The extant literature has recognized the important role that interdependencies play but has failed to take into consideration the simple fact that these interdependencies vary from one business model to another. It remains to be analyzed how the number, type and strength of these interdependencies as well as additional contingencies such as the visibility of interdependencies as well as the pre-specification of strategic choices affect what organizational structure is optimal. Our goal is to adopt an activity system perspective on business models (Zott and Amit 2010) and generate new insights on the dynamics of managing multiple business models simultaneously in the same organization. We do so by relying on simulation modeling, a methodology that has become increasingly popular in strategic management and organization theory (Levinthal and Marengo 2018) and in complexity-related contexts (Davis et al. 2007). Thus, while we share the claim made by Snihur and Tarziján (2018, p. 51) that “the challenges of managing multiple BMs have not been studied in the detail they deserve” and “that the complexity of the BM portfolio is an important factor to consider when managing multiple BMs”, we contribute to the literature by introducing a sufficiently rigorous modeling approach to explore this complexity in more detail.Footnote 1

Related Literature

The questions where the optimal boundaries of a multi-business firm are and how such a multi-business firm should be managed are at the heart of organization theory (e.g., Williamson 1975; Zenger et al. 2011). Within strategic management, diversification research also considers how businesses—or “business units”—can be identified and how their “relatedness” can be defined, often with very unsatisfactory results (Lüthge 2020). Alfred Chandler’s classic work (1962) is at the intersection of these research fields. Chandler argued that “structure follows strategy” and that the strategy of diversification (undertaken at the end of the 19th and the beginning of the 20th century) led to the divisionalization of many firms in North America.Footnote 2 Our research addresses similar research questions but takes the business model concept as a starting point. A business model is more than a business in that it outlines in a more precise way the essential elements of a business as well as their interdependencies (a prerequisite for formal modeling). Additionally, a business model is more strategy- and less organization-related than a business unit.

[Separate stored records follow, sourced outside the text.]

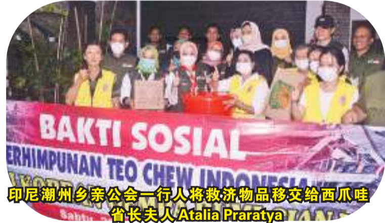
印尼潮州乡亲公会一行将救济物品移交西爪哇省长夫人 Atalia Praratya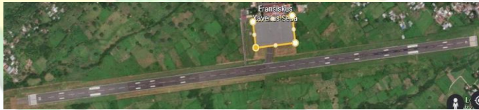
gambar 2. 4 apron bandara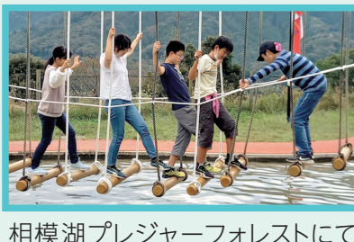
相模湖プレジャーフォレストにて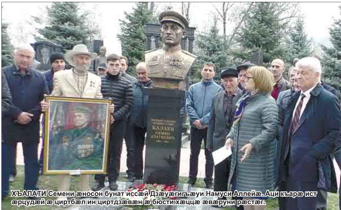
ХЪУЛАТИ Семени æносон бунат иссæй Дзæуæгигъæуи Намуси Аллейæ. Аци къарæ ист æрцудæй æ циртбæл ин циртдзæвæн æ бюсти хæццæ æвæруни рæстæг.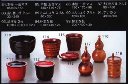
110.柳 片口 黒 135×115×85 111.タレ 椀 薬味皿朱 ¥81×68 112.タレ 椀 薬味皿黒 ¥81×68 113.柳 薬味皿木目内朱 ¥85×10 114.柳 ソバちよこ段付木目内朱 ¥85×70 115.柳 ソバちよこ千筋木目 ¥80×60 116.柳 ひょうたん薬味入 ¥55×110 117.柳 ひょうたん薬味入 ¥55×110 118.柳 タレ型薬味入 ¥60×75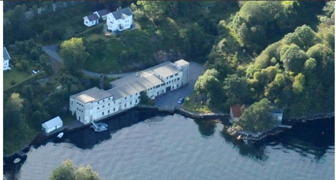
Tidlegare Sellevoll Plast

Søknaden vart sendt på høyring til Fylkesmannen i Vestland og Hordaland fylkeskommune ved Kultur- og idrettsavdelinga. Det har ikkje komme merknader til søknaden.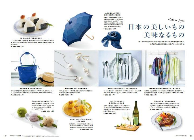
写真上：カタログ P36-37 「日本の美しいもの・美味なるもの」

This basic understanding allows us to build on literature that conceptualizes business models as activity systems, and then to analyze how these activity systems—and more specifically how multiple business models (as activity systems)—are related to the performance of different organizational design choices (cf., Lüthge et al. 2021; Snihur and Tarziján 2018), as outlined in the following.

Interdependencies Within and Across Business Models

A business model has been defined as the configuration of activities that a firm puts together to translate its strategy into action (e.g., Teece 2010, 2018). Specifically, the business model is seen as an activity system made up of a number of interdependent choices such as the firm’s value-chain activities, its choice of customers and its choice of products and services (e.g. Amit and Zott 2015; Casadesus-Masanell and Ricart 2010; Casadesus-Masanell and Zhu 2013; Markides 2008; Massa et al. 2017; Zott and Amit 2010, 2013; Zott et al. 2011). The right choice of interdependent activities determines the performance of the system.

Interdependencies exist not only among activities within a business model but also among activities across business models (Snihur and Tarziján 2018). Two business models are said to be interdependent if variation in the activities of one influences the level of activities in the other. An important stream in the literature distinguishes between two types of interdependencies—complementary interdependencies (i.e. the marginal benefit of one decision increases with the level of the complementing decision) and substitute interdependencies (i.e. the marginal benefit of one decision decreases with the level of the substituting decision) (Milgrom and Roberts 1990; Porter and Siggelkow 2008).

From a management point of view, the presence of interdependencies among business models is not a problem as long as the business models are operated by different companies. It becomes a more complex issue when two or more interdependent business models are placed under the same organizational roof, as an increasing number of firms is doing (e.g. Christensen and Raynor 2003; Johnson et al. 2008; Markides and Oyon 2010). If the interdependencies are complementary and interorganizational strategic alliance agreements are not available, then the firm must find ways to exploit them itself. On the other hand, if the interdependencies are substitutes, frictions will be created between the managers of the various business models and disruptive behaviors may ensue (e.g. Christensen and Raynor 2003; Porter 1996). The literature has documented several cases where these frictions were so large that the firm had to divest or shut down the second business model (e.g. Khanagha et al. 2013; Markides 2008).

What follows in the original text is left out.